Local auto dealerships continue personal service in an Internet age
Airborne drones launched by Amazon will never deliver a new car to a consumer’s front door, no matter how much online shopping they do.
The size of the package is not the issue.
Anyone borrowing ten grand or more for a new ride wants to kick the tires, lift the hood and take a test drive before they sign along the dotted line, even when they see the car online first.
That’s the story in Grand Junction, at least, according to local car dealers.
The Internet has not replaced knowledgeable, helpful sales people on Colorado car lots, they say.
This local view differs, however, from a national trend noted by the Wall Street Journal on Nov. 20.
“Say goodbye to the car salesman,” the Journal article said.
Journal sources contend Internet-driven sales are forcing dealerships to reduce overall sales staff, dedicate more staff to digital communications, eliminate commission-based compensation and sell cars based on no-haggle sticker prices.
National surveys appear to confirm the view.
Shopping online may boost sales overall. In Colorado, new car sales rose over the previous year by 15.5 percent in 2011, 21.9 percent in 2012 and 11.2 percent in 2013 thanks in part to the Internet, said Tim Jackson, president of the Colorado Automobile Association.
Ninety-four percent of U.S. franchised new car and light truck dealers, for example, have websites, the majority of which are interactive, according to a National Automobile Dealers Association survey. Sixty-four percent of dealers with a website have completed a sale on the Internet, the survey said.
Another survey by AutoTrader.com, an online vehicle marketplace, found 34 percent of all monthly visitors to a dealer’s website visited a third-party site first.
With statistics like that, it won’t be long before sales staff lurking around car lots will become a thing of the past, according to the Journal.
Not so fast, say local dealers. The alchemy of selling cars remains the same as it ever was on the Western Slope. Sales people still have plenty to do with the transaction.
“In the majority of cases, (the Internet) makes it easier because they’ve really already done a lot of the homework,” said Ed Nielsen, Fuoco Motor Company general manager.
“I would liken it to: I can look at the picture of the steak on the menu, but I can’t taste it,” Nielsen said.
Sales people at Fuoco go through a process of asking the customer what features and options attracted them most during their research and then directing them to the vehicle that responds to those interests, he said.
“It really doesn’t change that process once they’re here,” Nielsen said.
Building a relationship with the customer is key to any sale, said Jacob Sessum, Ed Bozarth Chevrolet pre-owned sales manager. That’s why sales staff dress professionally and conduct themselves accordingly.
Time is money and most people don’t have enough of either to make a long road trip just to save a couple hundred dollars on the purchase of a car, Sessum said.

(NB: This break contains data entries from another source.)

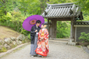 小さな門と緑を背景に番傘を使用したツーショットです♪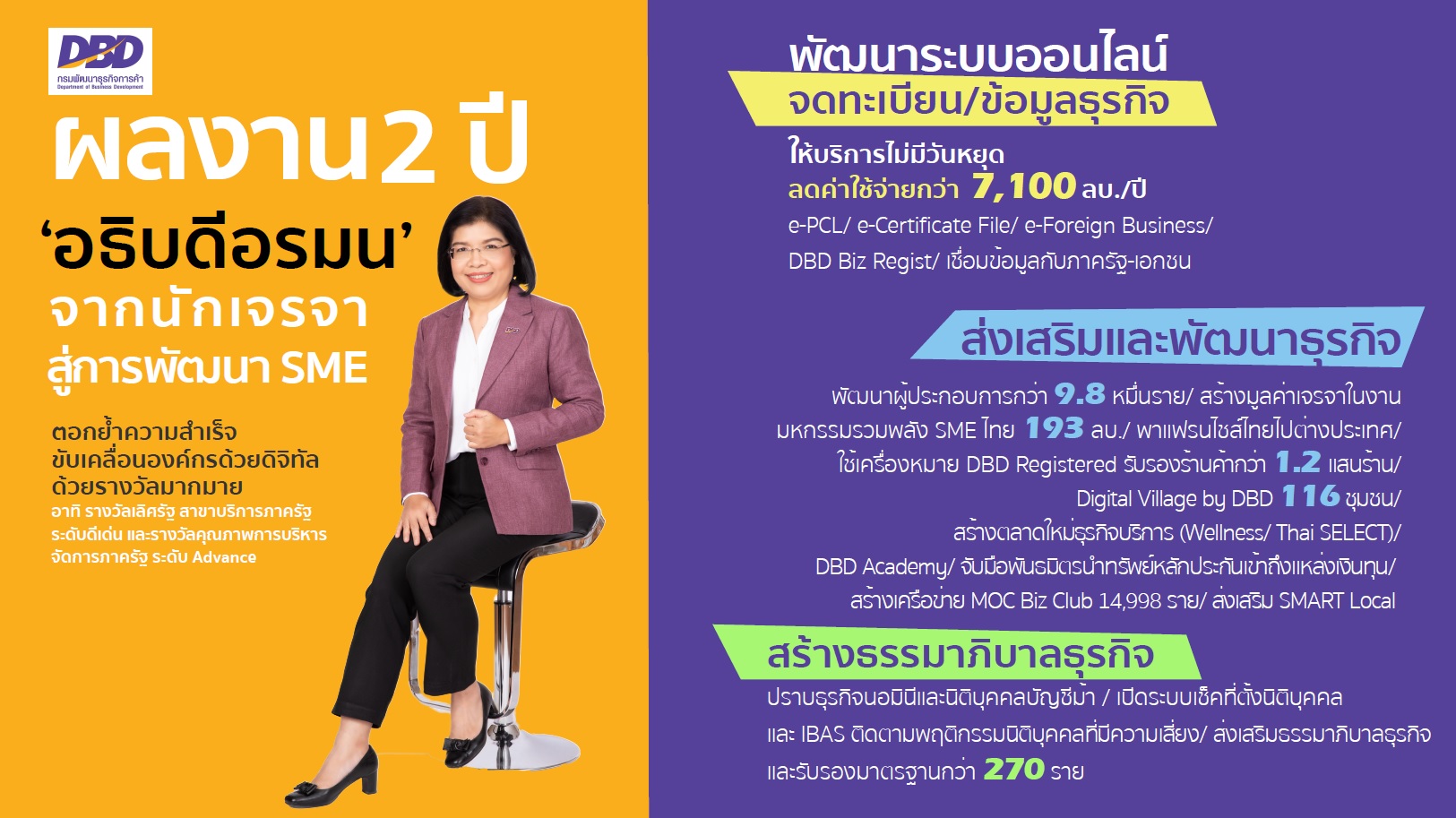ตลอด 2 ปี มีผลการดำเนินงานที่สำคัญและโดดเด่นแต่ละด้าน ดังนี้ ด้านที่ 1 การจดทะเบียนและบริการข้อมูลธุรกิจ มีการนำเทคโนโลยีและนวัตกรรมมาใช้ในกระบวนงานให้บริการต่างๆ เพื่ออำนวยความสะดวกผู้รับบริการ ลดภาระการเดินทาง และลดต้นทุนในการประกอบธุรกิจ โดยได้มีการพัฒนางานบริการตามลำดับ เช่น *ให้บริการระบบจดทะเบียนบริษัทมหาชนจำกัด (e-PCL) เต็มรูปแบบ ลดระยะเวลาให้บริการลง 50% จากเดิม 2 ชั่วโมงต่อ 1 คำขอ เป็น 1 ชั่วโมง *เพิ่มฟีเจอร์การลงลายมือชื่ออิเล็กทรอนิกส์ระบบขอหนังสือรับรองนิติบุคคล (e-Service) สำหรับบริการออกหนังสือรับรองนิติบุคคลในรูปแบบไฟล์ (e-Certificate File) เพื่อให้ผู้รับบริการสามารถใช้บริการได้ทุกวัน ไม่เว้นวันหยุดราชการ โดยมีจำนวนผู้ใช้บริการปี 2566 เฉลี่ยต่อเดือน 166,408 ราย ปี 2567 เฉลี่ยต่อเดือน 260,122 ราย และปี 2568 (ณ สิงหาคม 2568) เฉลี่ยต่อเดือนเพิ่มขึ้นเป็น 304,405 ราย *เปิดให้บริการระบบขออนุญาตและขอหนังสือรับรองการประกอบธุรกิจของคนต่างด้าว (e-Foreign Business) ส่งเสริมสภาพแวดล้อมที่ดีต่อการลงทุนของประเทศ ปัจจุบันมีการยื่นคำขอผ่านระบบครบ 100% แล้ว *เปิดให้บริการระบบจดทะเบียนนิติบุคคลดิจิทัล (DBD Biz Regist) ตั้งแต่วันที่ 16 มกราคม 2568 เพื่อให้ผู้ประกอบการเข้าใช้บริการได้ 24 ชั่วโมง ไม่เว้นวันหยุดราชการ มีการเชื่อมโยงข้อมูลและระบบงานกับหน่วยงานต่างๆ เช่น กรมการปกครอง และกรมสรรพากร (จดทะเบียนภาษีมูลค่าเพิ่ม) เพื่อความถูกต้องของข้อมูล และลดขั้นตอนการเริ่มต้นธุรกิจ โดย ณ เดือนสิงหาคม 2568 มีการยื่นคำขอจัดตั้งผ่านระบบ 75.52% *ขณะนี้ อยู่ระหว่างพัฒนาอีก 1 งานบริการ ได้แก่ ระบบจดทะเบียนการค้าและหอการค้า (e-TACC) เป็นการเพิ่มช่องทางในการยื่นจดทะเบียนสมาคมการค้าและหอการค้า คาดว่าจะเปิดให้บริการได้ในปี 2569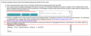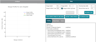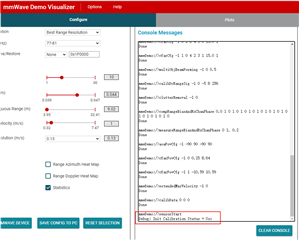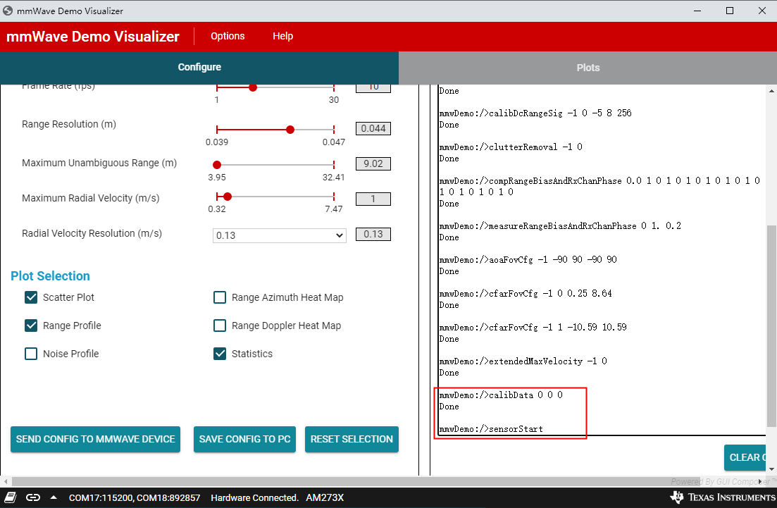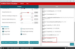 然后编译运行,同样按照AWR2243+AM2732的方法编译固件,刷录,这些都是成功的,如下,刷录完成之后,在visualizer里面串口连接也是成功的,但是通过plots 里面LOAD CONFIG FROM PC AND SEND,下载如profile_2d_am273x.cfg参数配置时,好像没有成功,如下第二图第三图,请问此处AWR2243的参数配置命令和AWR1243有差异吗,有1243的相对应配置命令说明吗(是否跟DFP里面的命令有些差异),除了参数配置外,其他的地方软件是否还需要做修改调整,以使参数配置下载完成,visualizer中目标能实时显示?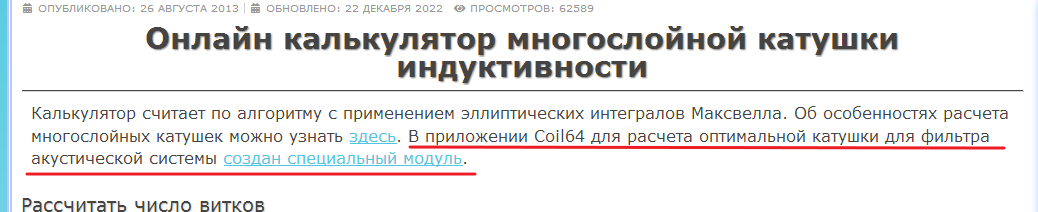 В той программе по расчету катушек звуковых забиты 2 формулы индуктивности. Уже 4 получается.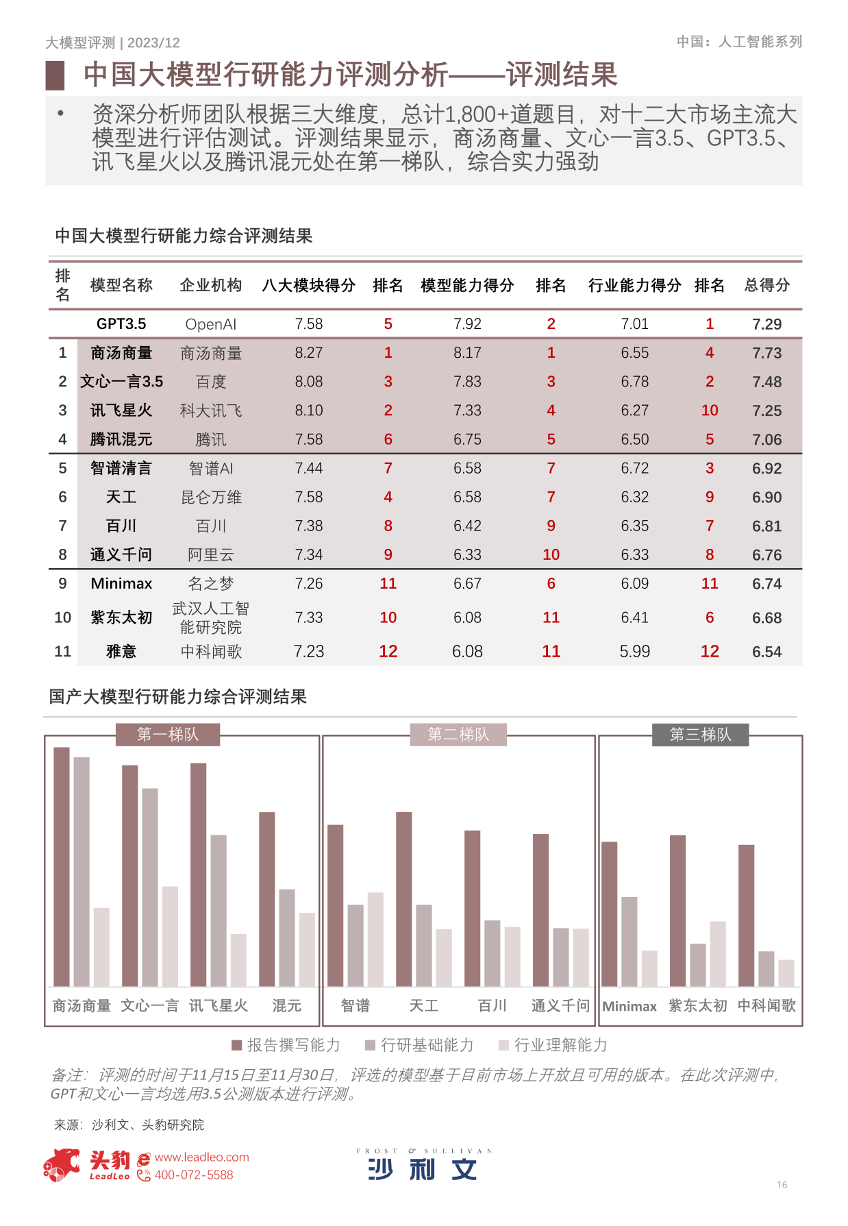 图:中国大模型行研能力综合评测榜单(来源:沙利文)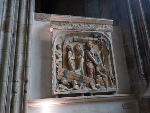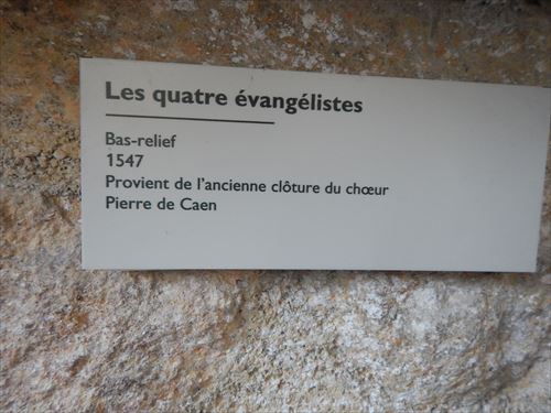 左の彫刻の説明 les quatre evangelistes 4人の伝道者 bas-relief 浅浮き彫り provient de L'ancienne cloture du choeur (古い合唱席から移設 |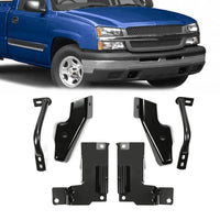 Front bumper bracket set compatible with 2003 - 2006 Chevy Silverado (07 Classic) without SS Model; Compatible with 2002 - 2006 Chevy Avalanche (W/O Body Cladding Type). Replacement for 15059687, GM1066175; 15059688, GM1067175; 15184116, GM1066159; 15184117, GM1067159; GM1061101. This front bumper bracket set is a cost-effective choice to replace the broken, rusty, scratched parts, strengthen the frame and satisfy your restoration needs. Item type: Front Bumper Bracket Set; Color: Black; Material: Steel; Surface finish: Powder Coated; Location: Front. Bolt on to install. Mounting hardware and instruction are not included.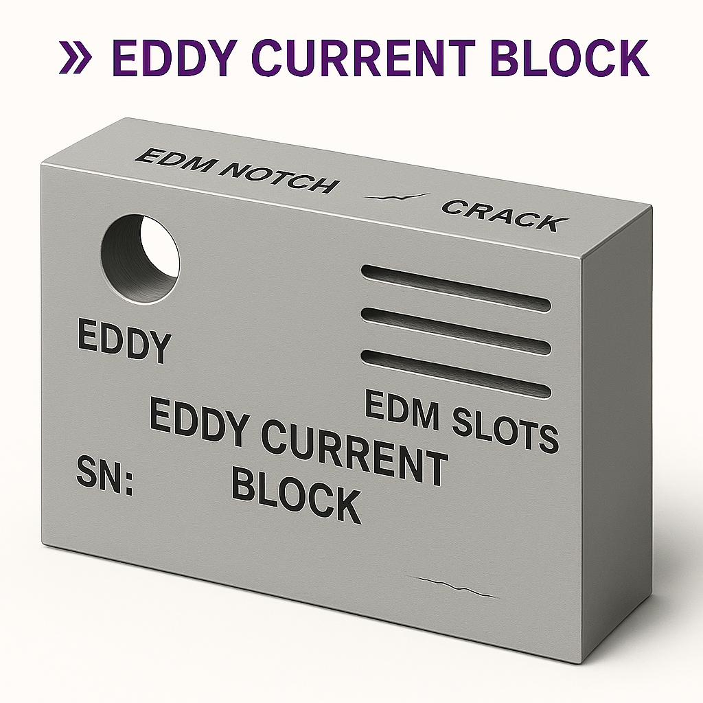 Eddy Current (ET) – referansestykker med kunstige defekter, sprekker, EDM‑spor

Those who make such trips often regret it because once they arrive, they discover the deal they thought they were getting has changed. Some may even feel obligated to buy a car they don’t really want on account of the miles they traveled to get there, he said.
“For a car purchase, regardless of what you saw online ... you still have to come in and drive it,” Sessum said. “At the end of the day, when the customer purchases a car, they still want to purchase it from a salesman.”
Bozarth continues to pay sales staff by commission. Internet sales have not changed the way business is conducted there, Sessum said.
Even so, the power relationship between those who sell off the lot and those who buy has shifted significantly in the last five years, thanks almost entirely to the Internet, Jackson said.
The playing field is leveled.
Consumers arrive armed with details about engine performance, safety ratings, standard amenities and sticker price. They already know competitor pricing and manufacturer discounts, the Journal noted.
As recently as 2008, prospective car buyers made nearly five visits to the dealership, on average, before making a purchase decision. Today, most sales are completed in fewer than two, Jackson said.
“Without a doubt, the customer is much more informed about the car than they used to be,” he said.
Sales people need not be the product expert customers once expected thanks to the Internet.
Because sales staff turnover is frequent, knowledgeable customers may actually shorten the learning curve for a newly hired salesman unfamiliar with a dealership’s inventory, Jackson said.